2. Un mail, des mails : les Français n’utilisent que rarement le mot email. Ils n’utilisent pas souvent non plus le mot courriel.
3. Une entrave : quelque chose qui empêche de faire ce qu’on veut.
4. Faut pas que… : c’est uniquement oral, puisqu’il manque : Il ne…
5. Il ne faut pas qu’on m’embête = il faut qu’on me laisse tranquille. Embêter quelqu’un, c’est le déranger.
6. Mémé : c’était le nom qu’on donnait aux grand-mères. Aujourd’hui, on dit plutôt Mamie, ou d’autres choses. Donc Mémé est plutôt réservé aux très vieilles dames, aux arrière-grand-mère par exemple, pour faire la différence avec Mamie. Dans le sud, on emploie souvent un mot très proche, Mamé, qui bizarrement reste plus à la mode. Dans d’autres contextes, si on dit par exemple d’un vêtement que ça fait mémé, c’est péjoratif, puisque ça veut dire que ça fait très vieux : J’aime pas cette couleur, ça fait mémé !
7. Tenir le coup : ne pas flancher, rester solide, en bonne santé, résister. (familier)
8. le chagrin : la peine. (C’est plus fort que la tristesse.)
9. extérioriser ses sentiments : montrer ses sentiments, les exprimer. Elle, c’est le contraire, elle les garde pour elle.
10. Le réveillon : c’est la soirée de Noël ou du 31 décembre, avec un bon repas, plus tardif que d’habitude.

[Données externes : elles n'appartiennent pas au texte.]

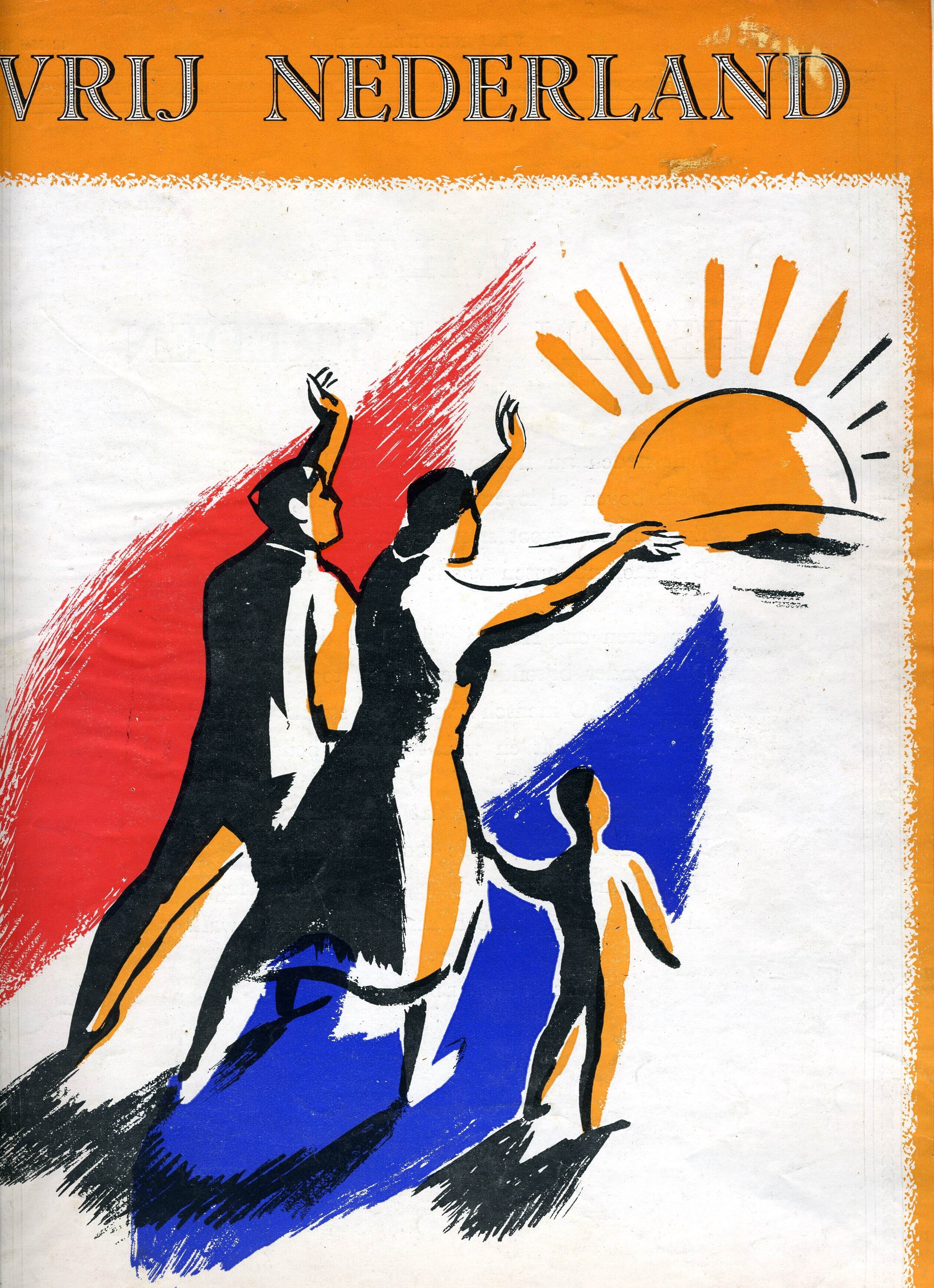 Een uitgave van de krant Vrij Nederland van 12 mei 1945 in een omslag met oranje, rood, wit en blauw ter gelegenheid van de bevrijding van Nederland.
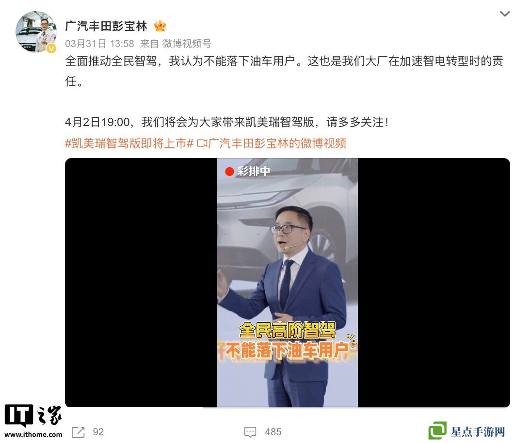 本站4 月 1 日消息,广汽丰田凯美瑞智驾版将于明天(4月 2日)正式上市,官方今天宣布该车将搭载“高阶智驾”系统,预计为 L2 级别辅助驾驶,作为比较,目前在售的广汽丰田凯美瑞搭载 Toyota Pilot 辅助系统,指导价 17.18 万-25.98 万元。

11. Du saumon : il s’agit de saumon fumé. C’est assez traditionnel chez les Français à ce moment-là de l’année, comme les huîtres.
12. Épouvantablement triste : horriblement triste. C’est très fort, car en français, on reste souvent plus sobre dans les mots qu’en anglais par exemple et on dit en général juste : très triste.
13. La mairie : c’est là où tout s’organise et où tout est géré dans la ville où on habite. En plus des services administratifs, on peut donc y trouver des activités de loisirs, pour toutes les catégories de la population.
14. Sept, huit : ils formaient un petit groupe de sept ou huit amis.